Künstlerische Arbeit und Tarifrecht seien nicht vereinbar, ist eine immer wieder anzutreffende Ansicht. Das Vertragsrecht stünde in Widerspruch zur alltäglichen Praxis in den Ballettsälen und auf der Bühne. Dabei gerät völlig aus dem Blick, dass es sich bei den tarifvertraglichen Regelungen um keinen Selbstzweck, sondern um arbeitsrechtliche Schutzregelungen handelt. Hierher gehören auch Regelungen über die Arbeitszeit, Pausen und Ruhezeiten. Wenn solche Regelungen behindernd empfunden werden, dann sollte man sie benennen, um Abhilfe zu schaffen oder noch mehr Flexibilität zu erreichen – nicht aber das geltende Recht brechen. Das gilt sowohl für die Arbeitnehmerseite als auch für die Leitungsebene.

Wenn sorgsame und hochqualifizierte Ausbildung gefordert wird, dann ist es selbstverständliche Pflicht, den Absolventen solcher Ausbildungsgänge entsprechende Arbeits- und Gagenbedingungen anzubieten. Man kann nicht öffentlich über prekäre Arbeitsverhältnisse klagen, für die nicht nur der Gesetzgeber, sondern auch die Bühnenleitungen verantwortlich sind, wenn sie sich nicht um die Einhaltung tariflicher und sozialer Mindeststandards kümmern. Dass Tanzgruppen sich nicht nur zur Abwicklung eignen, um möglichst rasch Löcher in kommunalen oder staatlichen Haushalten zu schließen, beweisen erfolgreiche Theaterleitungen mit ihren Ballett- und Tanztheaterdirektoren – der „Verein zur Förderung der Tanzkunst in Deutschland e.V.“ hat hier in Zusammenarbeit mit dem „Deutschen Berufsverband für Tanzpädagogik e.V.“ mit seinem „Anerkennungspreis 2011“ ein Zeichen gesetzt!

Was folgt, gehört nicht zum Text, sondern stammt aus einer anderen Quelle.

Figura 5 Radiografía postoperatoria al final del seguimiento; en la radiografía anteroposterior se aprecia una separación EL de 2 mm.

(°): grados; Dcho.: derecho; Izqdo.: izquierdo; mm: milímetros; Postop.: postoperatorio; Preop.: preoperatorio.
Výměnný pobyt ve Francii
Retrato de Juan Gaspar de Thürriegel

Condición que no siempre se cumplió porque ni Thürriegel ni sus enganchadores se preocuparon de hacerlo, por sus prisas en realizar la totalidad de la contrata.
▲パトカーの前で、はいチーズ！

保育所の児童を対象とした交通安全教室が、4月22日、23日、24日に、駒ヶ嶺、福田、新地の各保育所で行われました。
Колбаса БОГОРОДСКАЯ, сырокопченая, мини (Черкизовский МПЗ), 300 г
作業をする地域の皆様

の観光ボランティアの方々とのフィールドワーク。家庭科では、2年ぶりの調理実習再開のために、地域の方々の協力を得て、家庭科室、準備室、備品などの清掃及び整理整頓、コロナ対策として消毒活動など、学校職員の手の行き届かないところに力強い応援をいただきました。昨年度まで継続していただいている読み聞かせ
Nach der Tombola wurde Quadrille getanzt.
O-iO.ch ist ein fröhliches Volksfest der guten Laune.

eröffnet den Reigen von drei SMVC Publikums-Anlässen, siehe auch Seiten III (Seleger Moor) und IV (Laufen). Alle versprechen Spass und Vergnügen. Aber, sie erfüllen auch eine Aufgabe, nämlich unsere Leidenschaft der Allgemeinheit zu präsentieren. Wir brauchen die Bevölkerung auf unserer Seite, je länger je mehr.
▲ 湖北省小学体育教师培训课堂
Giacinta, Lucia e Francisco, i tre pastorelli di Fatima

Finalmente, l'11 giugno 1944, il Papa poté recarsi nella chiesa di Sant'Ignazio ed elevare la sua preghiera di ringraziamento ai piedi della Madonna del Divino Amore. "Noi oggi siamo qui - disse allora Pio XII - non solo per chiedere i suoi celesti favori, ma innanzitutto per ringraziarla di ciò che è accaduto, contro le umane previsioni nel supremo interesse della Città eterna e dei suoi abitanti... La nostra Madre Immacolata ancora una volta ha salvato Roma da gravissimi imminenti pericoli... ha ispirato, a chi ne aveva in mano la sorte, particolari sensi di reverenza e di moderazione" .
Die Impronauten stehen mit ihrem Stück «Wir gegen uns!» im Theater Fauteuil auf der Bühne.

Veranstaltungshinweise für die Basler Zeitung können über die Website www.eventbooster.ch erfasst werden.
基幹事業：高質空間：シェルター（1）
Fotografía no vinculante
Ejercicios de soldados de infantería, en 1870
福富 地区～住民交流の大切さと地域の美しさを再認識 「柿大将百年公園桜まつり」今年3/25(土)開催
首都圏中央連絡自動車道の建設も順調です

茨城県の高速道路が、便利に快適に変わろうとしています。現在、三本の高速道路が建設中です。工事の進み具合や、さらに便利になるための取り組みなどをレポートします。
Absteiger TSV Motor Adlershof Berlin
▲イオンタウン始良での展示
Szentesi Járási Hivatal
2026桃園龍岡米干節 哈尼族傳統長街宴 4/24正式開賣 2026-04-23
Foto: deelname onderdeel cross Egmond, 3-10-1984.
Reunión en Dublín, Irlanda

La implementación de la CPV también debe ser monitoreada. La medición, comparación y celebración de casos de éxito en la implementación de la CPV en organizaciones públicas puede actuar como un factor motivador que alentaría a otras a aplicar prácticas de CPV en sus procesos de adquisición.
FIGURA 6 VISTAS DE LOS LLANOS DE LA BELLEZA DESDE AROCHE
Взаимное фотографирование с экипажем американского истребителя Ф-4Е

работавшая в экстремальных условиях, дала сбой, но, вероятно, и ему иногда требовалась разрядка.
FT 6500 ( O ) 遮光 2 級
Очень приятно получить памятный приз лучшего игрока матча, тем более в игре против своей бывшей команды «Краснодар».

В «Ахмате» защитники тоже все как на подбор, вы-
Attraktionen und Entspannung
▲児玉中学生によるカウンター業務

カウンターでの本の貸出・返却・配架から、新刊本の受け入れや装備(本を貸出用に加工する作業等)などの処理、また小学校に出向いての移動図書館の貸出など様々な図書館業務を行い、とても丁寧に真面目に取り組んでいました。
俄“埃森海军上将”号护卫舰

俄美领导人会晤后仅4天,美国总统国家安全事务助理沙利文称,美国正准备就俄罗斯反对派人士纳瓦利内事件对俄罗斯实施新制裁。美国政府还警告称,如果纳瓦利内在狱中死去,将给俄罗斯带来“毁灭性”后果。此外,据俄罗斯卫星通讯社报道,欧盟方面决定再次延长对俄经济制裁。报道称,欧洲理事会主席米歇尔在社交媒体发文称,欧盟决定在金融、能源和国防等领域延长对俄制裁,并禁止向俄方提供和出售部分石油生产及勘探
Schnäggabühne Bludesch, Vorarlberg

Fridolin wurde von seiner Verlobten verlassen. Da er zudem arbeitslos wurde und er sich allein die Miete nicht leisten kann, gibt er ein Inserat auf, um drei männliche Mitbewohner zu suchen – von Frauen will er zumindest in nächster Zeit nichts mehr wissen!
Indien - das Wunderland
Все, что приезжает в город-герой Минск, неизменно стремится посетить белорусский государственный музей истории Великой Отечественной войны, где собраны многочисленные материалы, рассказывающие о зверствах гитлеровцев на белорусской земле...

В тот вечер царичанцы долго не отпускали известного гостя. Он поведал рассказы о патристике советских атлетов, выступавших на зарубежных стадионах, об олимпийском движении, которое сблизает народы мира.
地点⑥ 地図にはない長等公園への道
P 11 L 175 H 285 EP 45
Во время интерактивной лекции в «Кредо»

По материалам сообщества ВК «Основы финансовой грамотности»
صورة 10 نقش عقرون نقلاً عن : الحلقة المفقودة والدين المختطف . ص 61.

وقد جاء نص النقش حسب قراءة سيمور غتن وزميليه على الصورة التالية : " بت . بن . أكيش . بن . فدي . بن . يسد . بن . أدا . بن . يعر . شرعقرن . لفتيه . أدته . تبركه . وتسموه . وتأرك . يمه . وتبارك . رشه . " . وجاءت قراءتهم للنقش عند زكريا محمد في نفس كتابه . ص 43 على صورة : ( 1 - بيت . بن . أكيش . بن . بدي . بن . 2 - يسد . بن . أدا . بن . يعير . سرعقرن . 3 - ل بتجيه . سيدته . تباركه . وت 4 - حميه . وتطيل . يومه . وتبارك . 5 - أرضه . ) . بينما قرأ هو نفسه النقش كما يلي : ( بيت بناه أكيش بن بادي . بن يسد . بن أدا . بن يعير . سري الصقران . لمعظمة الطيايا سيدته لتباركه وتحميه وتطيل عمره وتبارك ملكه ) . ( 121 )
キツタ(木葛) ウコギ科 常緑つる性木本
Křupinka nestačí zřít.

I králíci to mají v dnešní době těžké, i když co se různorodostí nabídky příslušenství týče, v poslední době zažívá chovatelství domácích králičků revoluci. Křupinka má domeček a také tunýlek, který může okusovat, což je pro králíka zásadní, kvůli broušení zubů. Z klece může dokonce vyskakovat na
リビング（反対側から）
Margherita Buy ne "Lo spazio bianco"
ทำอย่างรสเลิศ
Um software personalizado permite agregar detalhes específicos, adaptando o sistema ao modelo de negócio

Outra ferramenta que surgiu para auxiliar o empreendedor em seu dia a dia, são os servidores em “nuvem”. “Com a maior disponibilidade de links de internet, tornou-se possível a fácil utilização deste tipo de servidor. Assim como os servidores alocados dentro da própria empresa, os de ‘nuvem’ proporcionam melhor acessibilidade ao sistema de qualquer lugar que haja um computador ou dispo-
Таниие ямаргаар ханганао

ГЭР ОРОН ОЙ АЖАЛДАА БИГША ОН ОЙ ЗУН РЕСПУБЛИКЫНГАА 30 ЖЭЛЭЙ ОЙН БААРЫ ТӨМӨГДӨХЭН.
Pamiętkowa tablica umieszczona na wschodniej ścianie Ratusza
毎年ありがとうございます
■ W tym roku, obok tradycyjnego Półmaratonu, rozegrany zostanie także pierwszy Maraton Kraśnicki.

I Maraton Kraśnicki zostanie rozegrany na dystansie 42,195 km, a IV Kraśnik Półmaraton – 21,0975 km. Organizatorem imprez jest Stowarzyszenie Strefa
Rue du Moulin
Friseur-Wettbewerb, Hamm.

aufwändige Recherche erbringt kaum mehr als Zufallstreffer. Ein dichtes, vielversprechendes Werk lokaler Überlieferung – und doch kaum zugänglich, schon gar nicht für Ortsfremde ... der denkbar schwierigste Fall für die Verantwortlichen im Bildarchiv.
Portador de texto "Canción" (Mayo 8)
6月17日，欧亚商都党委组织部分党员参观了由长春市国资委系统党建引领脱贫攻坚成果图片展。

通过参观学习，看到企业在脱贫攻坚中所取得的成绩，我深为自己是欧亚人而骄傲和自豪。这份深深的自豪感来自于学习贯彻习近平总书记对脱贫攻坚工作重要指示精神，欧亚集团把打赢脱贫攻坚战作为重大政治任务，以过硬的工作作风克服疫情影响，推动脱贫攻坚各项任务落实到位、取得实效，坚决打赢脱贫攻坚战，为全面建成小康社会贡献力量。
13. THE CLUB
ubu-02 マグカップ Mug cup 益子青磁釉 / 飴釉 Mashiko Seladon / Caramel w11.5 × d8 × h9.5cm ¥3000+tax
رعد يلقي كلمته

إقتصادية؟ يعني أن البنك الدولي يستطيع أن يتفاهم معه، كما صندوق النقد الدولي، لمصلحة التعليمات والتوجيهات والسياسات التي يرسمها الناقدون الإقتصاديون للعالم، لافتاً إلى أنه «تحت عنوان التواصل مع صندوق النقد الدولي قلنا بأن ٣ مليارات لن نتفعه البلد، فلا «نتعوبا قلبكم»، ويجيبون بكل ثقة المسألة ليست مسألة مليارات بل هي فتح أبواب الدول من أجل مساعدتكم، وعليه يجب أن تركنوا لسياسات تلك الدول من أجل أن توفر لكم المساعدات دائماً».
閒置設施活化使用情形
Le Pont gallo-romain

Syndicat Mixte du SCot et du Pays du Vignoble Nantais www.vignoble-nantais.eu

Es gibt zahlreiche Initiativen für den Tanz: Angefangen bei der Förderung durch die „Kulturstiftung des Bundes“ mit ihren neuen Förderstufen, die Errichtung einer „Stiftung Tanz – Transition Zentrum Deutschland“, um Tänzerinnen und Tänzer beim Übergang in einen neuen Beruf helfend und beratend zur Seite zu stehen, bis zur „Bundesdeutschen Ballett- und Tanztheaterdirektoren Konferenz“. Wie kann es unter diesen Voraussetzungen dazu kommen, dass im Innenverhältnis der Theater die Arbeitsbedingungen der aktiven Tänzerinnen und Tänzer mit Umgehungskonstruktionen rechtswidrig unterlaufen werden?